2. Impact Estimation
Once the propensity score matching method produces a viable comparison group, several estimation strategies can be used to produce an estimate of the impact of the LTC RAP program, including a difference of means test of post-registration earnings with and without regression adjustment, and a difference-in-differences test of earnings with and without regression adjustment. Mueser, Troske, and Gorislavsky (2007) find that the difference-in-differences estimator is more faithful to random assignment results, although multiple approaches should be attempted and compared. The estimated differences can be examined by the level of the propensity score; thus, one can observe changes in earnings for those most likely selected for the program as compared with changes in earnings for those least likely to be selected. Sample size constraints may limit the principal subgroup analysis to the CNA and DSS occupational categories, although other characteristics of workers (e.g., age or race) may also be of interest.

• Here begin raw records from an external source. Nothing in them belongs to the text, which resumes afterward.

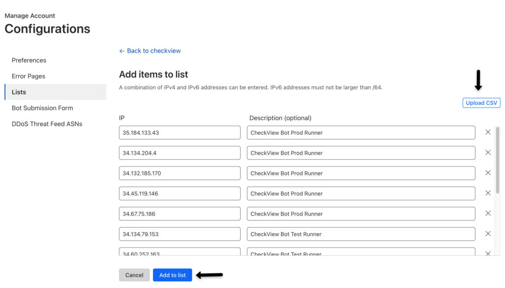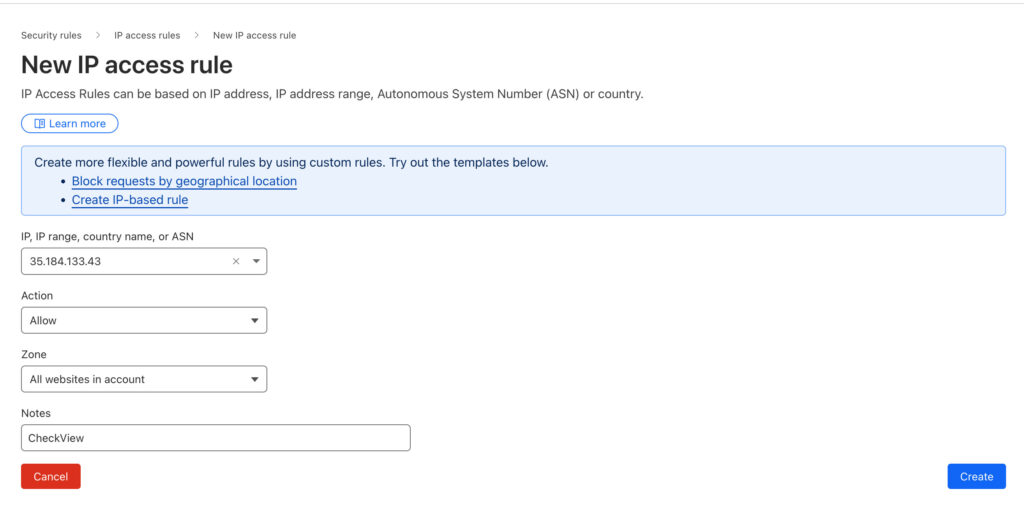 Repeat this, creating an IP access rule for each IP in this link.
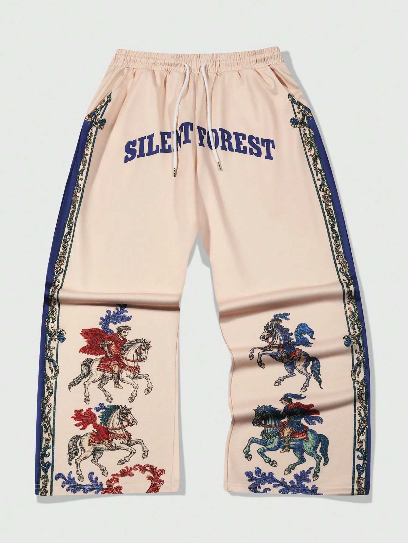 Street Life Men's Retro Knight Print Straight Leg Pants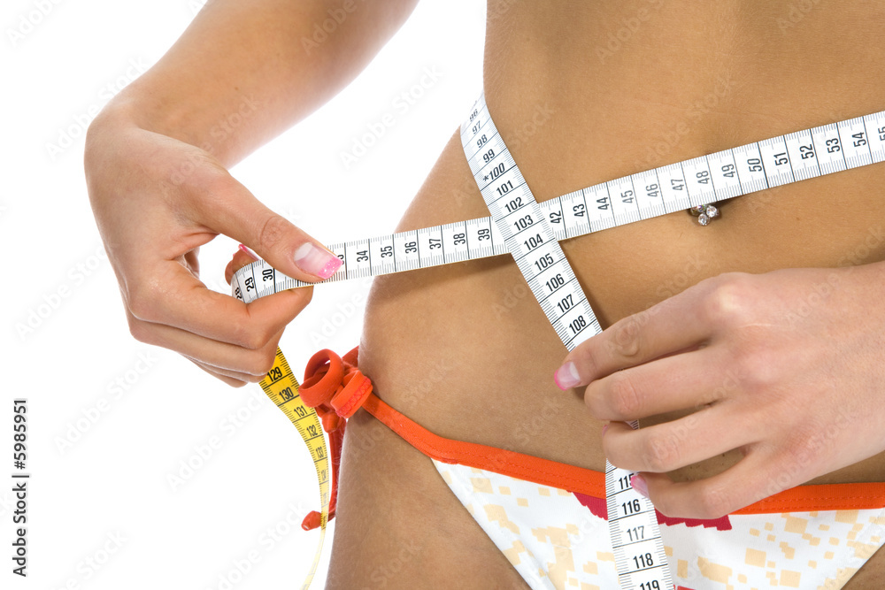 beautiful girl with meter on isolated background

3. Alternative Versions of the Administrative Data Design
If selection bias is considered to be a major obstacle to evaluation of the LTC RAP, other alternative non-experimental strategies can be considered using LEHD data administrative data. One alternative strategy is a regression discontinuity design, which uses pre-determined cut-offs in the assignment of treatment to identify the impact of the treatment. For example, all CNAs at Agape Senior are ranked, and apprentices are chosen from among the top 20% of employees. Since there is a sharp cut-off in the assignment of treatment, cases immediately above and immediately below the cut-off are expected to be very similar on all of their characteristics, except for their admission to apprenticeship, generating a type of natural experiment. Regression discontinuity designs might be appropriate for LTC RAPs which use some sort of test or evaluation to assign employees to the apprenticeship. Only a minimal difference is expected in the performance of employees in the 79th percentile compared to the 80th percentile, but there is a large difference in likelihood of becoming an apprentice. The change in the outcome variable at this point of discontinuity provides a reasonable estimate of the impact of the treatment. Although not common among LTC RAPs, Agape Senior is probably not the only LTC RAP program that uses an objective employee performance measure to decide who will participate (or at least who will be offered the opportunity to participate) in the apprenticeship program. If enough programs use this approach, it may be possible to use this analytic approach. Sample sizes and the frequency of using this approach of selecting apprentices may, however, limit the feasibility of this approach, especially for a national evaluation.